The current solution is not the best one available. I admit that, but ask for your help anyway. An enclosed worm gear reduction unit would be much more appropriate, much tougher, and last a lot longer. I don't have a way to get one of those right away. Perhaps if this solution works for a year or two, that will be the proof of concept and give us time to send the worm drive over.
The current mixer "gear train" is: Honda gas engine with some reduction built into it -> dual belt sheave pair -> pinion gear to big gear pair -> mixer paddle shaft.
Mixer diagrams for this model are here, in case that explanation isn't clear.
I'm proposing to add an intermediate shaft on pillow bearings that would change the arrangement to be this: Honda gas engine with some reduction built into it -> dual belt sheave pair -> small 14 tooth 12DP gear to 144 tooth 12dp gear ->pinion gear to big gear pair -> mixer paddle shaft.
If I order it today from Amazon, I can buy the 14 tooth gear and have visitors bring it with them next week. It's small. The big one, they won't have weight for. Fortunately, I found this little gem at the scrap yard a year ago and grabbed it, assuming a project like this might come along eventually.

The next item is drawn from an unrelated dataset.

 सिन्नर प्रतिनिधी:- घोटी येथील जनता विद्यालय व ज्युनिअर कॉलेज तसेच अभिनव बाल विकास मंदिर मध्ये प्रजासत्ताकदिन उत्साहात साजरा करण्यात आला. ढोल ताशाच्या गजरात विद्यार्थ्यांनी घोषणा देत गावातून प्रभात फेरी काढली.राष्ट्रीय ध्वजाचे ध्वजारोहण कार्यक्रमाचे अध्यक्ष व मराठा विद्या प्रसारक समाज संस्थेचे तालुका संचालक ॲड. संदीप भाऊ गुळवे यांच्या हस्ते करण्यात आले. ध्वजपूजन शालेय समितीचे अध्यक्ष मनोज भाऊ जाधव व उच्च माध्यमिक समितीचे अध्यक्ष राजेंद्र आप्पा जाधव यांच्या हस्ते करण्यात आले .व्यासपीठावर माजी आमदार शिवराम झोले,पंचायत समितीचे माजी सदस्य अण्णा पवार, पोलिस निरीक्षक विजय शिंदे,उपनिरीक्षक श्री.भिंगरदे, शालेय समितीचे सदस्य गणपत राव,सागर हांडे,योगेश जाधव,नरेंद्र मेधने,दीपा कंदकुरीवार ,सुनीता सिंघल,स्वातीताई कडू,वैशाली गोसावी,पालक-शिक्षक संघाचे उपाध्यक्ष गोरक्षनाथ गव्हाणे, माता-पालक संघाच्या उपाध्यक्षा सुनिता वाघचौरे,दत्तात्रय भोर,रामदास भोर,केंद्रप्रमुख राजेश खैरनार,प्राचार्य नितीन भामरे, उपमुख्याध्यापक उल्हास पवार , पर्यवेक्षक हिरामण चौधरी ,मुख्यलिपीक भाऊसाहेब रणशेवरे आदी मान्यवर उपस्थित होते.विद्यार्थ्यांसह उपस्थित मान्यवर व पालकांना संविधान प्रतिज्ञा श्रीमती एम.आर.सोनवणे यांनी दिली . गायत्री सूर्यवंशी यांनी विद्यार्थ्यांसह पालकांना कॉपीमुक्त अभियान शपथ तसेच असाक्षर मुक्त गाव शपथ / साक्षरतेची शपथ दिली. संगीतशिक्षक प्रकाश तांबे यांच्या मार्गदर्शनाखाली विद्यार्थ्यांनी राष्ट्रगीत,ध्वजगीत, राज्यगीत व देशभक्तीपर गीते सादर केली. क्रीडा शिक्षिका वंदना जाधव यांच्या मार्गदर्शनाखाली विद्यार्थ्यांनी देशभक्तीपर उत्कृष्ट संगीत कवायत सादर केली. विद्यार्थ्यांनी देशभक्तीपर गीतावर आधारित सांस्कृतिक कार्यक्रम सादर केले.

Machining the hub doesn't seem too tough, and I have a 1/4" push broach, so I'm planning on a turning a hub with 1" ID, 2.5" OD, plasma cutting a piece of plate with a 2.5" ID and 10.75" OD, and welding the three together.
So, I have one chance to order the matching 14T gear!
The scrap-yard gear ring is 144T. It mics at 12.080" for an OD. Using DP=(T+2)/OD gives DP=146/12.080=12.086DP. Obviously, that's not right. So, I'm left with two choices: 1) The gear teeth are a bit worn, or 2) it's a metric module gear.
In support of idea #1:
To make it a clean 12DP, the OD would have to be OD=(T+2)/DP=146/12=12.166" OD. That would mean half the difference of wear, =(12.166-12.080)/2)=.043" of wear on each side. Given the following photo, I think I might be able to believe that.
In support of #2:
The gear is exactly 12.00mm wide, so it's either an imperial/metric mutt, or the teeth are metric to match the face width.
However, the calculations there would be MOD=(T+2)/OD=146/306.832mm (measured)=0.475MOD. That's not standard. To make it a standard 0.5MOD gear, it would have to be OD=(T+2)/MOD=146t/0.5mod=292mm=11.496" or for 0.4MOD, OD=(T+2)/MOD=146/0.4MOD=365mm OD=14.37". Obviously, it's far from either of those.
Given that, it seems most logical to assume it's a slightly worn 12DP gear that happens to be a metric mutt, having a 12mm face width, does it not?
-----------------
Second issue is pressure angle. 14.5 degree is the stubbier, right, and 20 is the pointier? If so, I have to vote for this being 14.5, and even then a bit worn. Seem logical?